A little while later the booking officer brought us out of our cells. “You can make a couple calls. You’re going to have to see if you can make ba
il, and you’re going to need a lawyer. These are serious charges against you that can carry a ten-year sentence for importing drugs into the country for the purpose of sale, and—”
“Officer, we’re not drug dealers, you know that,” I interrupted.
“No, I don’t know that!” he said, slamming his hand on the desk. “Make your calls. I need you back in that cell.”
We called Colonel Kudlets, who gave a Jewish cry of dismay. “Oy, don’t tell me. How could this happen?” He suggested trying Jack Fisher, the owner of the Concord and the Friar’s. So we did, and a couple of hours later he and the Colonel came to the jail and bailed us out—we were very grateful. Jack said he knew a retired judge in the Mississauga precinct who still practiced law and sometimes took on a case. “I’ll try to convince him to represent you,” he said.
The next day our bust was all over the newspapers. We were staying at my mother’s and had to explain to her that this was all a misunderstanding and that there was nothing to get upset about. She went along, but we could tell she didn’t really buy our story. Rick put his arm around her and said, “Have I ever let you down, Mama Kosh? Well, I’m not about to start now,” which brought a smile to her face.

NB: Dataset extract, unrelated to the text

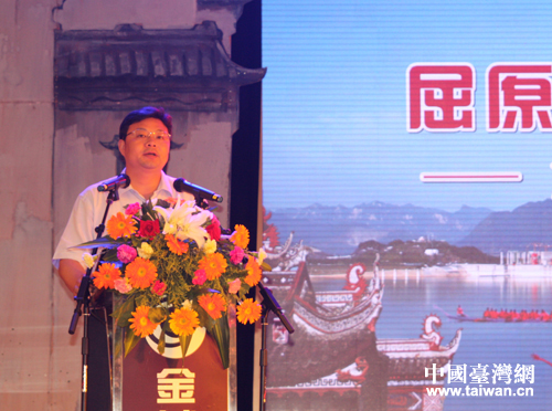 “屈原秭歸 三峽大壩”旅游產(chǎn)品形象發(fā)布會(huì)在秭歸縣舉辦,秭歸縣縣長(zhǎng)盧輝在會(huì)上致辭。(中國(guó)臺(tái)灣網(wǎng) 李杰 攝)
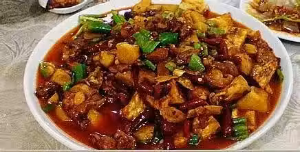 2、熱鍋上油,放八角,桂皮,香葉,幹辣椒,花椒,蔥薑片煸香;

Two days later we began our stint at the Friar’s under duress. The place was packed with patrons who wanted to see the druggies live and in person. People called out requests for songs like “Smoke Gets in Your Eyes.” To make matters worse, Ronnie and his new band were playing up the street at Le Coq d’Or, and we heard he was making jokes about our pot bust from the stage, no doubt enjoying our predicament.